> To do:
For the records below, output word for word the lines from the one with "Facebooksidene våre. ■" up to and including the one with "Bâtiment Europa, Bruxelles, Belgique". No pictures.

> Source information:

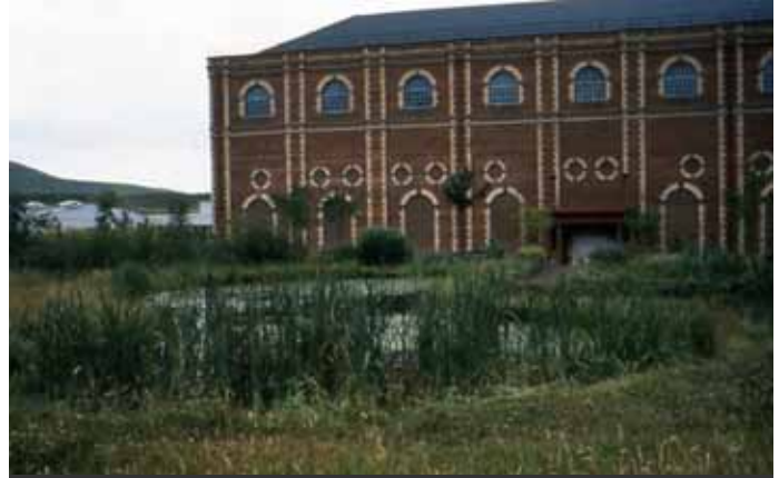
工場敷地内で環境教育に活用されているビオトープ（英国）
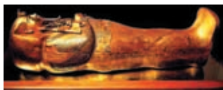
Третий, внутренний, саркофаг фараона Тутанхамона из золота

но было бы без труда вынести, они в спешке разбросали то, что им не было нужно.
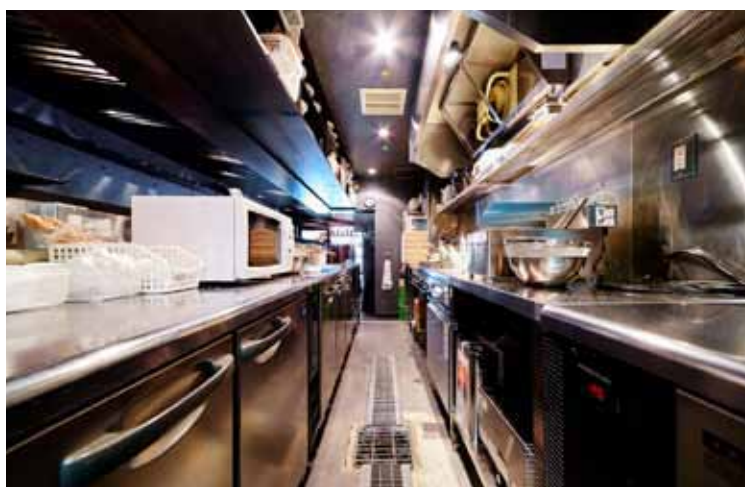
■盛りつけがしやすいワークスペースも充分に取られているのがポイント
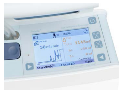
Objektivní údaje a přesnost

Průběžné monitorování úniku vzduchu, podtlaku a množství kapaliny umožňuje efektivní a inteligentní řízení hrudní drenáže. Tyto parametry jsou k dispozici v reálném čase a na displeji Thopaz + se zobrazují trendy za posledních až 72 hodin. Záznam terapie je možné stáhnout do počítače pro vyhodnocení a založení do lékařské dokumentace pacienta. Společně tyto údaje poskytují klinická kritéria potřebná pro optimální řízení hrudní drenáže a pro rozhodnutí o odstranění drénu.
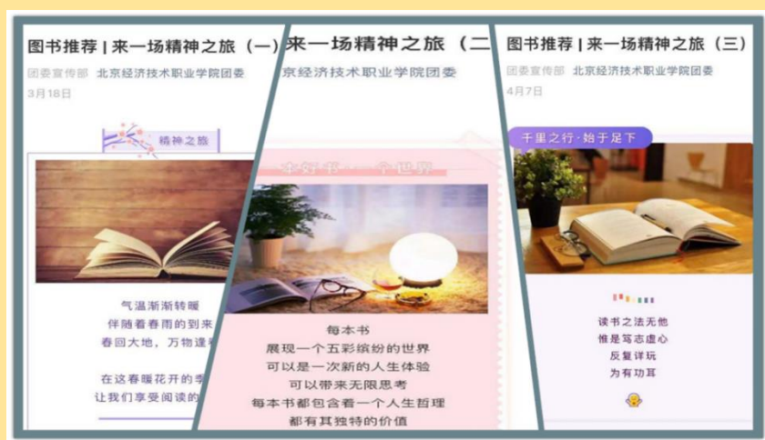
图 3：图书推荐，来一场精神之旅
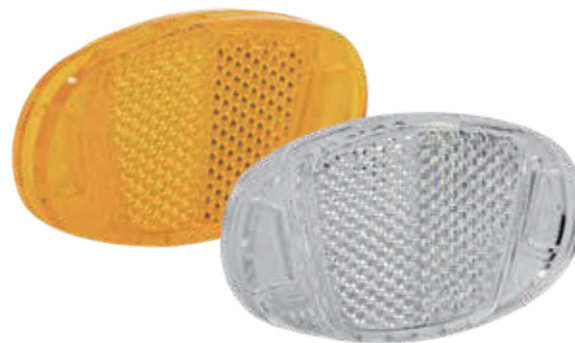
YC001P / 侧反射器

标准 / Standard AS | BS | CPSC | ISO | GB/T31887.2 | JIS
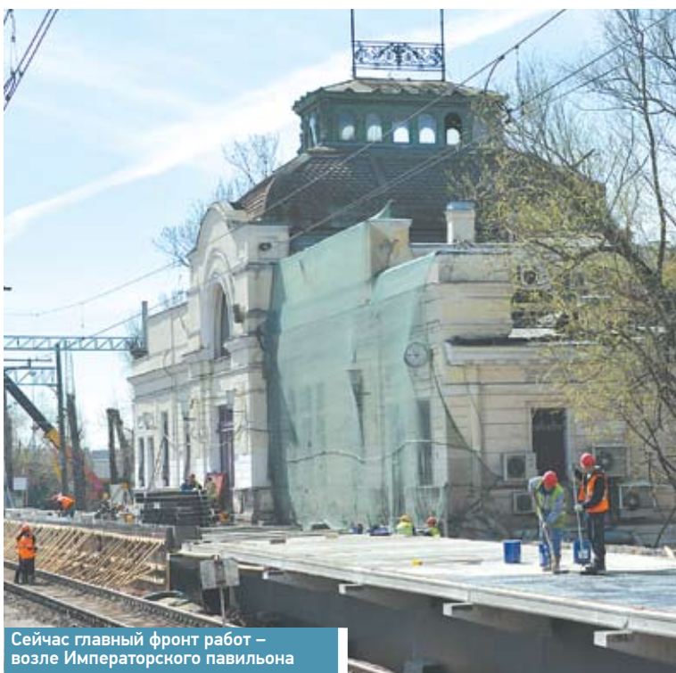
Сейчас главный фронт работ – возле Императорского павильона

Витебский вокзал готовят не только к сезону летних пассажирских перевозок, но и к празднованию в октябре 180-летия железных дорог России. Пусть тогда на его месте возвышалось другое строение, но началось ведь всё именно здесь. И построенный в 1904 году в стиле модерн Витебский (изначально Царскоесельский) вокзал сегодня – единственный в Санкт-Петербурге, бережно сохранивший первоначальный архитектурный облик и интерьеры царских времён.
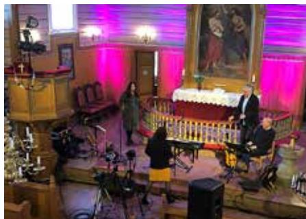
2. påskedag var det direktesendt ønskekonsert fra Båstad kirke på Facebook, og ønskene strømmet på.

— Det er helt klart en arena hvor vi må være tilstede. Det har koronatiden vist oss. Det er bare å følge med på Facebooksidene våre. ■
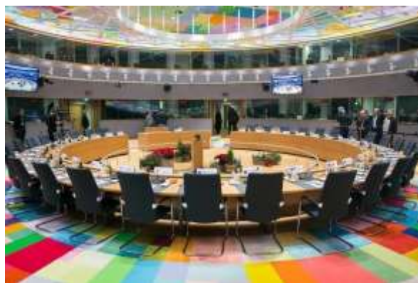
Bâtiment Europa, Bruxelles, Belgique

Remarque: Le Conseil de l'UE aussi appelé le Conseil est une institution européenne. C'est l'une des deux entités législatives avec le Parlement européen qui propose, amende et approuve ou veto des propositions de réglementation de la Commission Européenne. Cette institution est purement intergouvernementale et est composé des 27 ministres nationaux des Etats Membres de l'UE. En fonction des sujets discutés, les Ministres changent. Par exemple si la proposition qui doit être débattue est à propos de quotas de pêche, ce sera les 27 Ministres nationaux de l'Agriculture qui négocieront la proposition.
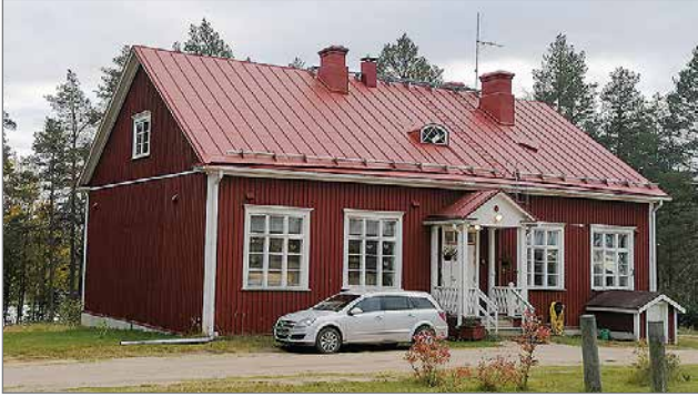
Korpisen kylätalolla on monipuolista toimintaa ja kyläseura on myös kunnostanut ja kehittänyt jatkuvasti taloaan.
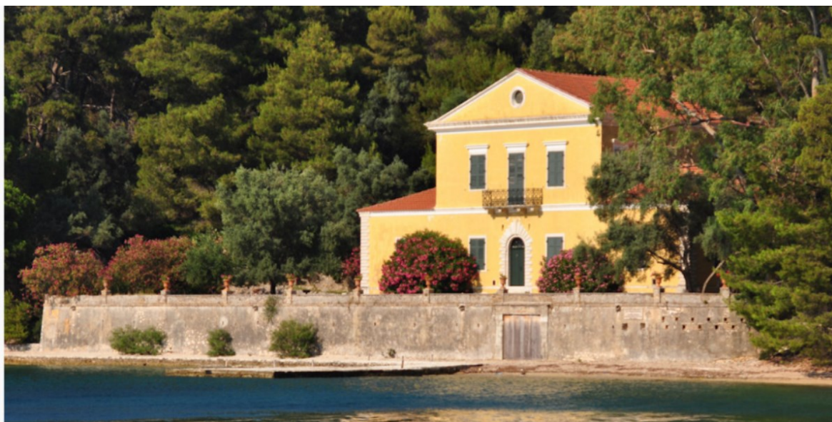
Η Μαδουρή του Αριστοτέλη Βαλαωρίτη

Η Άννα Σκλαβενίτη είναι Δρ. Μεσαιωνικής Ελληνικής Φιλολογίας και Σύμβουλος Εκπαίδευσης νομού Λευκάδας
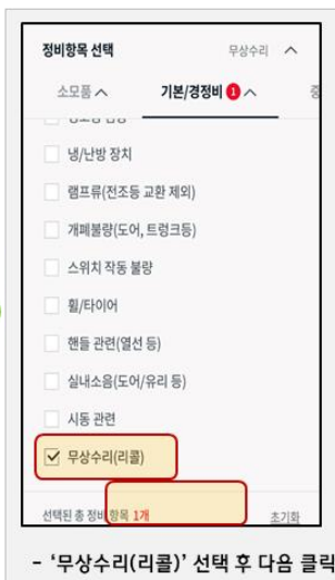
- '무상수리(리콜)' 선택 후 다음 클릭
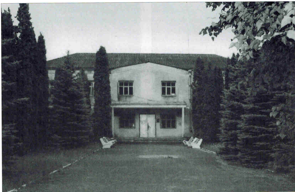
Здание сельского совета и управления колхоза им. М. И. Калинина в с. Анастасьевка
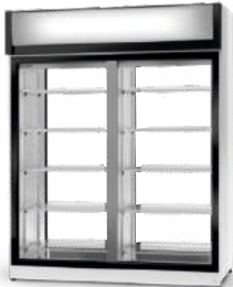
model 2SR/AG/1D ecoline / standard cm szer. 120 / 140 / 160 gł. 78 / wys. 202
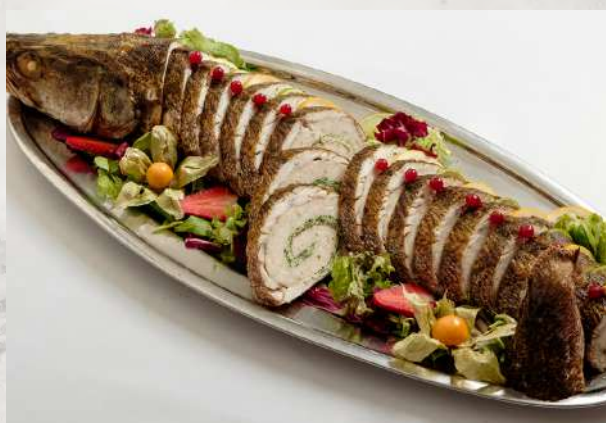
Судак, фаршированный красной рыбой
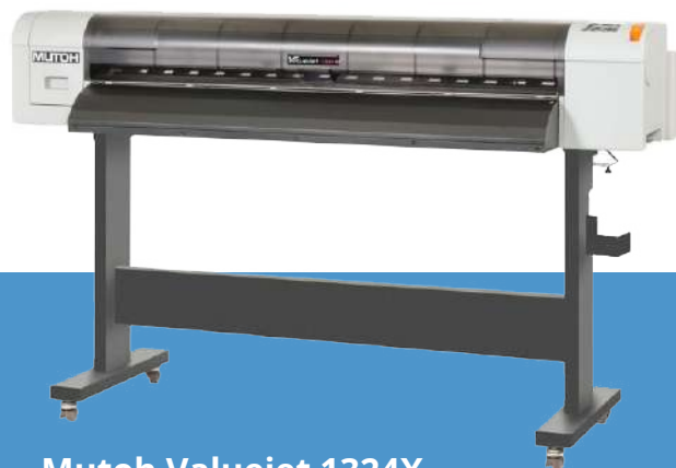
Mutoh Valuejet 1324X

Piezo Inkjet, kültéri UV tintával Maximum nyomtatható méret (tábla): 1016 mm x 1524 mm 8 szín: cyan, magenta, yellow, black, light cyan, light magenta, white, clear
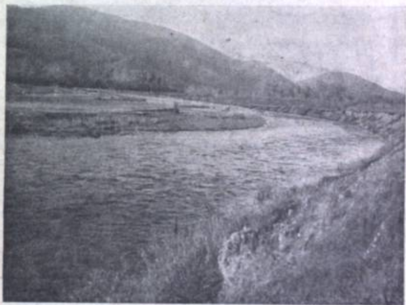
Фиг. 3. Р. Керулен, в районе впадения р. Илюр. На заднем плане густая древесная урема.
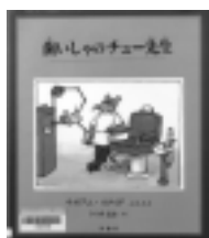
歯いしゃの チュー先生 ウィリアム・スタイク / ぶんとう 評論社
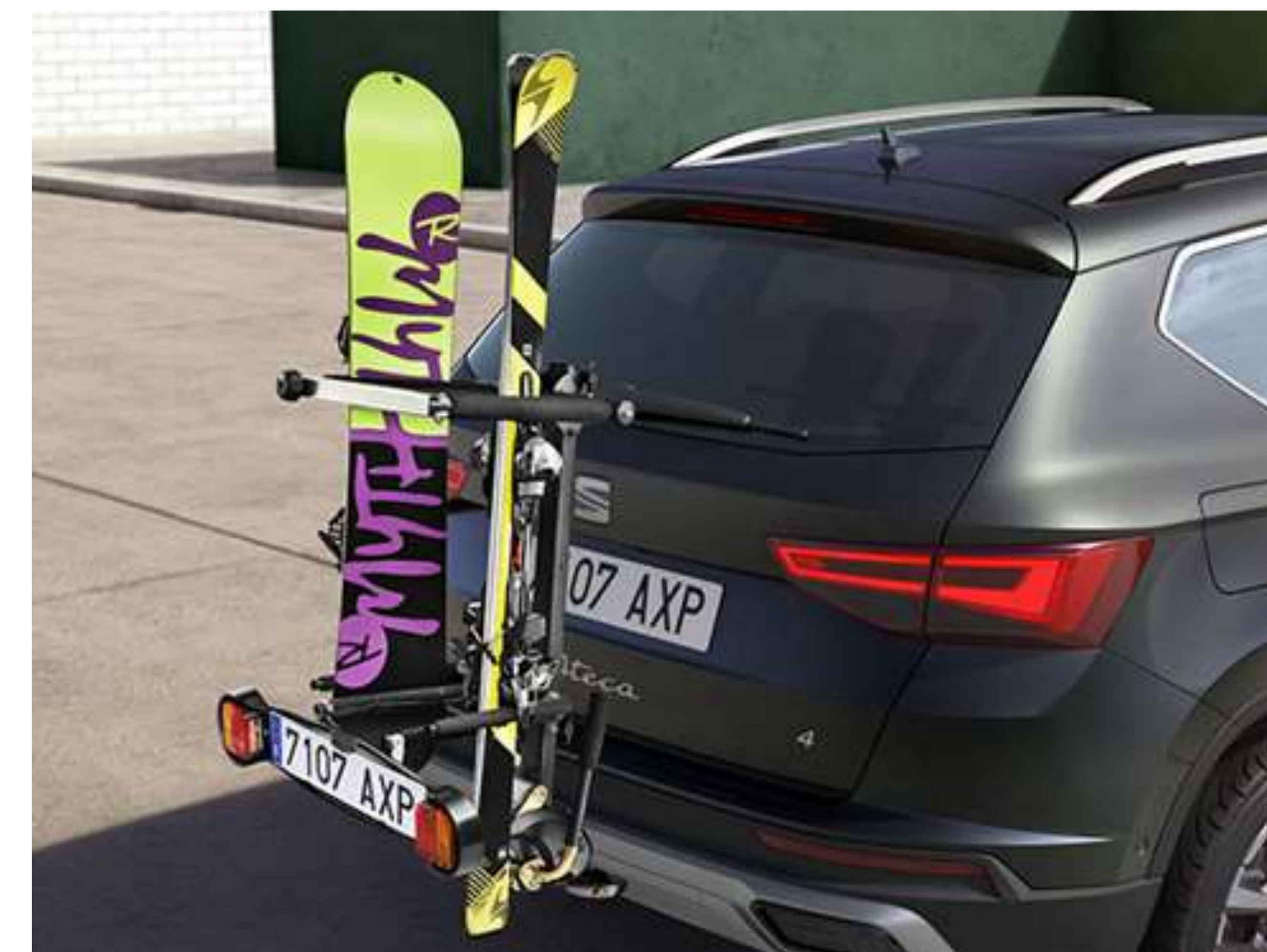
UCHWYT NA NARTY NA HAK 2 199zł
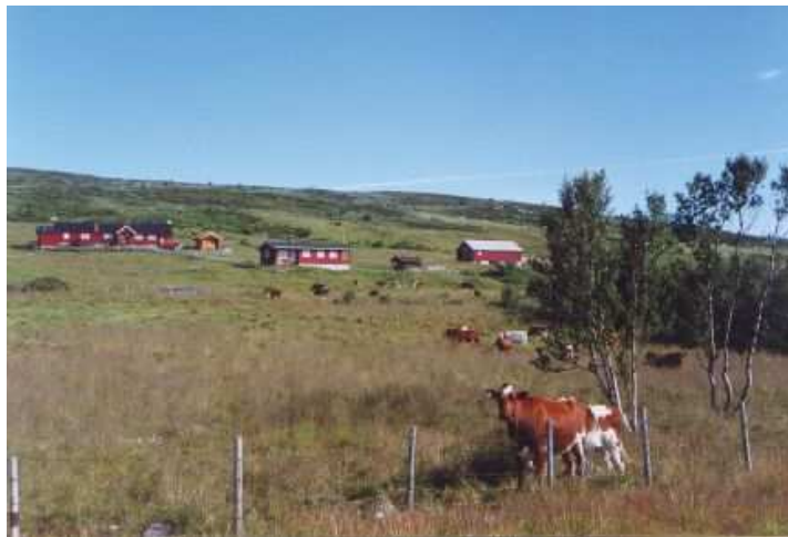
Bilde av Jonstølane.

Landbruket har vore og er hovudleverandør av råtomter til hytter. Tomtene er frådelt som enkelttomter spreidd rundt i skog og fjellområde eller i felt med meir konsentrert bygging. I starten var det meir spreidd utbygging med romslege tomter. I framtida bør hyttebygging hovudsakleg skje ved fortetting og utvikling av allereie bygde felt. I tillegg bør landbruket og det lokale næringslivet i sterkare grad arbeide for å utvikle råtomter lokalt slik at så stor del som mogleg av verdiskapinga blir lokalt. Mest mogleg må i framtida foredlast og utviklast lokalt.

> Answer for this exercise:
— Det er helt klart en arena hvor vi må være tilstede. Det har koronatiden vist oss. Det er bare å følge med på Facebooksidene våre. ■
Bâtiment Europa, Bruxelles, Belgique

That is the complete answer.